CodePudding user response:
You can read the text file using readLines
, and convert the resulting vector into a matrix with 8 rows. When you transpose this matrix, all your fields will have their own column
t(matrix(readLines("../mytext.txt"), nrow = 8))
#> [,1] [,2] [,3]
#> [1,] "1 Abigail Seltzer" "6019 8th St NW" "Washington, DC-20011"
#> [2,] "2 Danita Cole" "416 Shepherd St NW" "Washington, DC-20005"
#> [3,] "3 Landon James" "612 Quintana Pl NW" "Washington, DC-20011"
#> [,4]
#> [1,] "Not Employed Not Employed"
#> [2,] "Not Employed Not Employed"
#> [3,] "Social Inclusion Manager Brookfield Properties"
#> [,5] [,6]
#> [1,] "6019 8th St. NW" "Washington,DC-20011"
#> [2,] "416 Shepherd Street NW" "Washington,DC-20011"
#> [3,] "655 New York Ave NW" "Washington,DC-20000"
#> [,7] [,8]
#> [1,] "Credit Card 03/11/2022 $100.00 $100.00" ""
#> [2,] "Credit Card 03/11/2022 $100.00 $350.00" ""
#> [3,] "Credit Card 03/11/2022 $100.00 $100.00" ""
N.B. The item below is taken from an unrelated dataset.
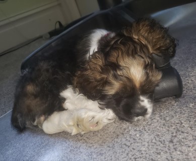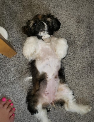 Ziggy -very open marked parti pup! Lily is the mom, Bolt the Dad, born 6/23/17
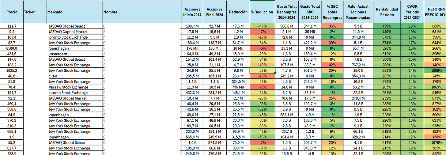 Si te interesa ver qué empresas realmente lo hacen bien con sus recompras y cuáles están solo maquillando… este archivo te puede ahorrar mucho tiempo y dinero.

You could convert this into a data frame with as.data.frame
if you wished.
CodePudding user response:
A tidyverse option:
library(tidyverse)
tribble(
~value,
"1 Abigail Seltzer",
"6019 8th St NW",
"Washington, DC-20011",
"Not Employed Not Employed",
"6019 8th St. NW",
"Washington,DC-20011",
"Credit Card 03/11/2022 $10,000.00 $10,00.00",
"2 Danita Cole",
"416 Shepherd St NW",
"Washington, DC-20005",
"Not Employed Not Employed",
"416 Shepherd Street NW",
"Washington,DC-20011",
"Credit Card 03/11/2022 $100.00 $350.00",
"3 Landon James",
"612 Quintana Pl NW",
"Washington, DC-20011",
"Social Inclusion Manager Brookfield Properties",
"655 New York Ave NW",
"Washington,DC-20000",
"Credit Card 03/11/2022 $100.00 $100.00"
) |>
mutate(group = (row_number() - 1) %/% 7) |>
group_by(group) |>
mutate(row = row_number()) |>
pivot_wider(names_from = row, values_from = value) |>
rename("name" = `1`, "street" = `2`, "city" = `3`, "status" = `4`) # example columnrenaming if needed
#> # A tibble: 3 × 8
#> # Groups: group [3]
#> group name street city status `5` `6` `7`
#> <dbl> <chr> <chr> <chr> <chr> <chr> <chr> <chr>
#> 1 0 1 Abigail Seltzer 6019 8th St NW Washingto… Not E… 6019… Wash… Cred…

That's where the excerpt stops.